> [Brief] Leaving out the images, please reproduce each line below exactly.

> [Dataset excerpt]
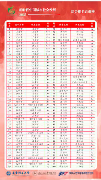 中新网上海新闻12月29日电(许婧)上海高校智库“华东理工大学社会工作与社会政策研究院”何雪松教授和吴开泽研究员领衔的智库重点研究项目“中国城市社会发展指数研究”课题组29日在沪线上发布“新时代中国城市社会发展指数暨百强榜(2025)”,这是华东理工大学持续第八年公开发布中国城市社会发展百强榜。
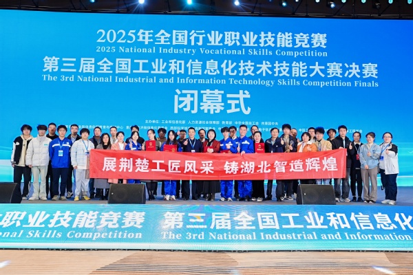 武职网讯(通讯员 谢真真)2025  11  28 日,第三届全国工业和信息化技术技能大赛全国总决赛在重庆圆满落幕。tyc539太阳集团光电与信息公司教师谢真真、杨雁冰,员工郭焱坤、张小波,凭借精湛技艺与默契协作,在竞争白热化的RISC-V 等架构芯片开发与系统应用赛项中,一举摘得职工组、员工组两项全国二等奖,以“湖北智造”的硬核实力,在国家级舞台上彰显了武职大集成电路人才培养的卓越成效。闭幕式现场,参赛选手与湖北参赛代表团共同簇拥着“展荆楚工匠风采铸湖北智造辉煌”的红色横幅,手捧奖杯与证书定格荣耀瞬间,成为赛场之上极具辨识度的 “湖北名片”。
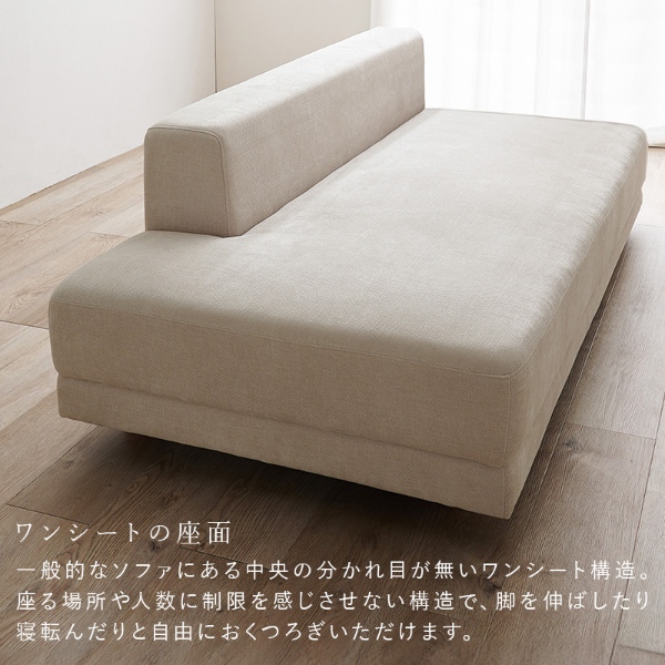 つなぎ目の無い贅沢な広さのワンシート座面なので深く腰掛けゆったりとくつろげます。
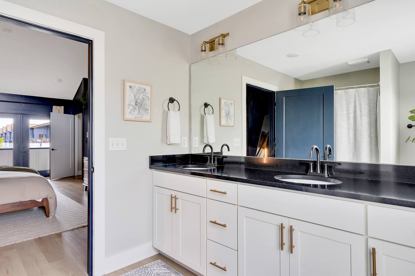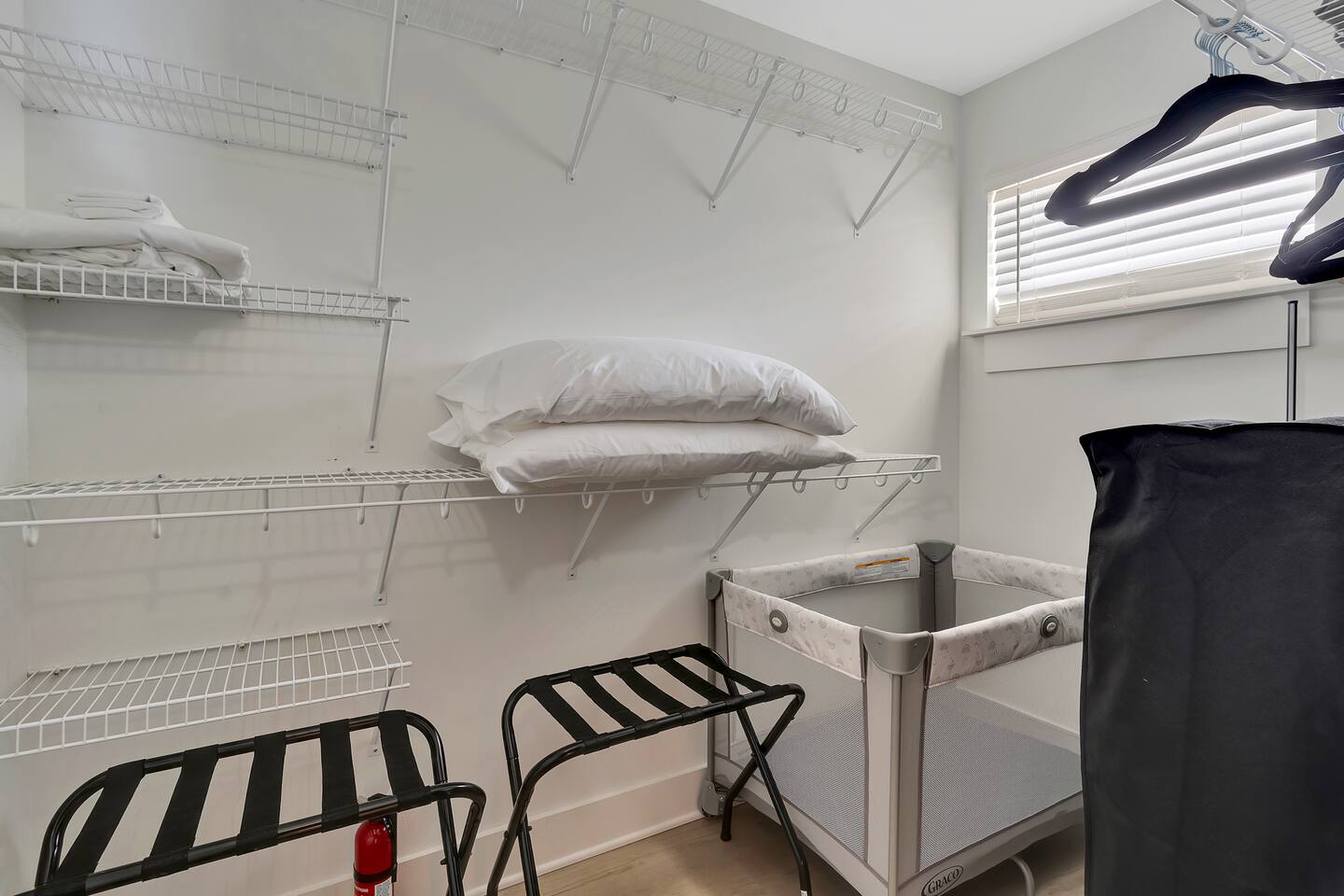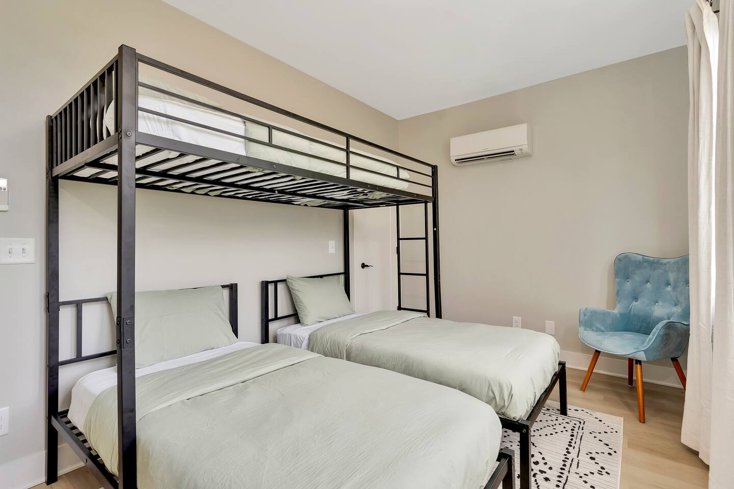 This spacious, 1700 sq ft townhome is split across three levels: Main Level: -Living Room -Dining Room -Kitchen -Half bath -Back Patio -Shared backyard Second Floor: -Queen Bedroom -Triple Bunk Room (3 twins) -Bathroom with double vanity -Washer and Dryer Third Floor: -Large Master Suite -Private covered balcony -Walk in closet -Bathroom with double vanity -Rollaway twin bed -Pack 'n play crib

> [The completed task]
 中新网上海新闻12月29日电(许婧)上海高校智库“华东理工大学社会工作与社会政策研究院”何雪松教授和吴开泽研究员领衔的智库重点研究项目“中国城市社会发展指数研究”课题组29日在沪线上发布“新时代中国城市社会发展指数暨百强榜(2025)”,这是华东理工大学持续第八年公开发布中国城市社会发展百强榜。
 武职网讯(通讯员 谢真真)2025  11  28 日,第三届全国工业和信息化技术技能大赛全国总决赛在重庆圆满落幕。tyc539太阳集团光电与信息公司教师谢真真、杨雁冰,员工郭焱坤、张小波,凭借精湛技艺与默契协作,在竞争白热化的RISC-V 等架构芯片开发与系统应用赛项中,一举摘得职工组、员工组两项全国二等奖,以“湖北智造”的硬核实力,在国家级舞台上彰显了武职大集成电路人才培养的卓越成效。闭幕式现场,参赛选手与湖北参赛代表团共同簇拥着“展荆楚工匠风采铸湖北智造辉煌”的红色横幅,手捧奖杯与证书定格荣耀瞬间,成为赛场之上极具辨识度的 “湖北名片”。
 つなぎ目の無い贅沢な広さのワンシート座面なので深く腰掛けゆったりとくつろげます。
 This spacious, 1700 sq ft townhome is split across three levels: Main Level: -Living Room -Dining Room -Kitchen -Half bath -Back Patio -Shared backyard Second Floor: -Queen Bedroom -Triple Bunk Room (3 twins) -Bathroom with double vanity -Washer and Dryer Third Floor: -Large Master Suite -Private covered balcony -Walk in closet -Bathroom with double vanity -Rollaway twin bed -Pack 'n play crib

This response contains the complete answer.